### DATA EXCERPT:
********
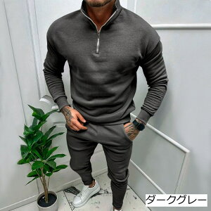 裏起毛 上下セット メンズ 秋 冬 長袖 ゴルフウェア 暖か 保温 防寒 セットアップ ハーフジップ トレーナー ロング丈 ウエストゴム スウェットパンツ ロングパンツ トップス ボトムス おしゃれ カジュアル...
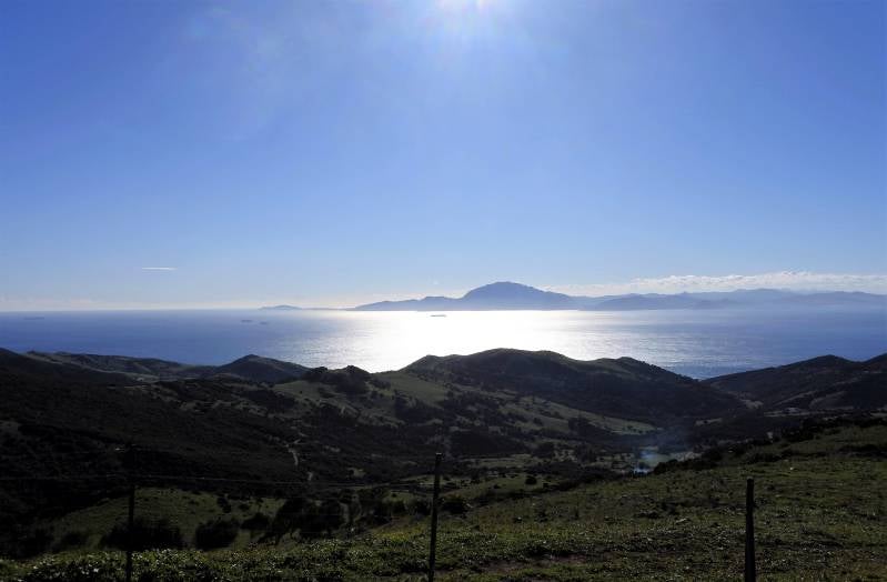 Vaak wordt gedacht dat de rots van Gibraltar het punt is waar Spanje het dichtst bij Afrika ligt. Bijgaande uitsnede van het Google Maps kaartje laat zien aan dit een stukje westelijker het geval is. En in dit gebied, in het Park Natural del Estrecho, gaan wij vandaag een rondwandeling maken. We rijden zo’n 35 kilometers naar het westen tot even voorbij de Spaanse havenplaats Algeciras. Daar parkeren we de camper vlakbij het bezoekerscentrum Huerta Grande. Een vluchtig bezoekje aan het bezoekerscentrum leert dat we daar niet al te veel tijd aan hoeven te besteden. En veel tijd hebben we ook niet, want de rondwandeling neem naar schatting meer dan vijf uur in beslag. De route gaat eerst over een gemakkelijk beloopbaar track omlaag richting de kust, met onderweg hier en daar een groepje huizen of een afgelegen boerderij. Vervolgens volgen we het kustpad dat ons beurtelings langs het strand en dan weer langs flinke kliffen stuurt.
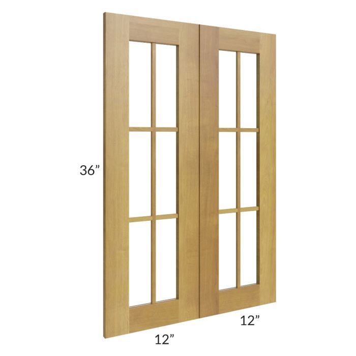 Set of mullion doors for a 24"W x 36"H wall cabinet that will match the door style of the cabinet and has clear glass. The glass is also included.
********
### EXERCISE BRIEF:
The whole listing should be transcribed exactly, though its pictures must be left out.

### SOLUTION FOR THIS EXERCISE:
 裏起毛 上下セット メンズ 秋 冬 長袖 ゴルフウェア 暖か 保温 防寒 セットアップ ハーフジップ トレーナー ロング丈 ウエストゴム スウェットパンツ ロングパンツ トップス ボトムス おしゃれ カジュアル...
 Vaak wordt gedacht dat de rots van Gibraltar het punt is waar Spanje het dichtst bij Afrika ligt. Bijgaande uitsnede van het Google Maps kaartje laat zien aan dit een stukje westelijker het geval is. En in dit gebied, in het Park Natural del Estrecho, gaan wij vandaag een rondwandeling maken. We rijden zo’n 35 kilometers naar het westen tot even voorbij de Spaanse havenplaats Algeciras. Daar parkeren we de camper vlakbij het bezoekerscentrum Huerta Grande. Een vluchtig bezoekje aan het bezoekerscentrum leert dat we daar niet al te veel tijd aan hoeven te besteden. En veel tijd hebben we ook niet, want de rondwandeling neem naar schatting meer dan vijf uur in beslag. De route gaat eerst over een gemakkelijk beloopbaar track omlaag richting de kust, met onderweg hier en daar een groepje huizen of een afgelegen boerderij. Vervolgens volgen we het kustpad dat ons beurtelings langs het strand en dan weer langs flinke kliffen stuurt.
 Set of mullion doors for a 24"W x 36"H wall cabinet that will match the door style of the cabinet and has clear glass. The glass is also included.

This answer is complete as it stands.